Compare Common Scenarios
How the numbers shift across typical situations for this calculator:
| Scenario | Profit margin | Markup | Profit |
|---|---|---|---|
| $120 job · $42 cost (65%) | 65.00% | 185.71% | $78.00 |
| $60 driveway · $20 cost | 66.67% | 200.00% | $40.00 |
| $500 commercial lot · $200 cost | 60.00% | 150.00% | $300.00 |
| $100 job · $70 cost (thin) | 30.00% | 42.86% | $30.00 |
How This Calculator Works
Enter the job price (per push or per-event) and the direct cost to deliver it (labor, fuel, de-icing materials). The calculator returns gross profit, the margin as a percent of price, and the markup as a percent of cost. Keep fixed overhead out of the per-job cost — the margin has to cover plow/equipment, vehicle, and insurance.
The Formula
Profit Margin and Markup
Markup = (Revenue − Cost) / Cost × 100 — the same profit measured against cost instead of revenue
Worked Example
A $120 job costing $42 to deliver (labor, fuel, salt) earns $78 gross profit — a 65% margin and a 185.7% markup. Snow removal margins per push look strong, but the business is defined by weather uncertainty: revenue depends on how often it snows, while much of the cost (equipment, insurance) is fixed regardless.
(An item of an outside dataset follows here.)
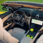 Al centro della scena, l’affascinante GranCabrio che sfoggia una novità assoluta nella storia del Marchio: la prima capote completamente personalizzata, attraverso il programma Fuoriserie. Un primato che segna una nuova frontiera per il modello, già unico nel panorama automotive per offrire anche una versione BEV. Realizzata in un intenso blu Maserati, la capote celebra i cento anni del Tridente grazie a un raffinato gioco di lavorazioni che combinano intreccio e ricamo. In dettaglio, il simbolo iconico si declina in una doppia interpretazione, con richiami cromatici al bianco e al lime ispirati alle palline da tennis, mentre la firma Maserati sul C-pillar completa un insieme di straordinaria eleganza e coerenza stilistica. Questa innovazione apre nuove prospettive nel mondo della personalizzazione Fuoriserie, introducendo a catalogo diverse possibilità di configurazione della capote, dal colore ai dettagli sartoriali fino a soluzioni bespoke sviluppate su richiesta del cliente. La vettura è esposta presso il Commercial Village e veste una livrea Verde Royale e interni ICE.

The gross profit must cover the plow truck or equipment, fuel, de-icing materials, and liability insurance — and the pricing model (per-push, per-season, or per-inch) shifts the risk between you and the customer.
Key Insight
Snow removal is a high-margin-per-job but high-uncertainty business, and the pricing model is the central strategic choice because it allocates weather risk. Per-push (per-visit) pricing means you earn only when it snows — great in a heavy winter, lean in a mild one — putting the volume risk on you. Per-season (flat-rate) contracts give predictable revenue and shift the risk to you in a different way: a heavy winter with many storms can make a flat-rate contract unprofitable, while a mild winter is pure profit. Per-inch or tiered pricing splits the difference. Whichever you choose, the gross margin per job must cover heavy fixed costs that exist regardless of snowfall — the plow truck or equipment and its depreciation, and especially liability insurance (slip-and-fall claims are a serious risk in this business, so coverage is essential and not cheap). Materials (salt, sand, de-icer) prices can spike in heavy seasons. Operationally, route density matters as in any service business (clustered accounts cut unbilled travel between sites), and 24/7 availability during storms drives labor cost. A 65% gross margin per push is healthy, but profitability over a season depends on snowfall frequency against your fixed costs and your pricing model — so price to cover overhead even in a light winter, and consider a mix of seasonal contracts (baseline revenue) and per-push work (upside) to balance the weather risk.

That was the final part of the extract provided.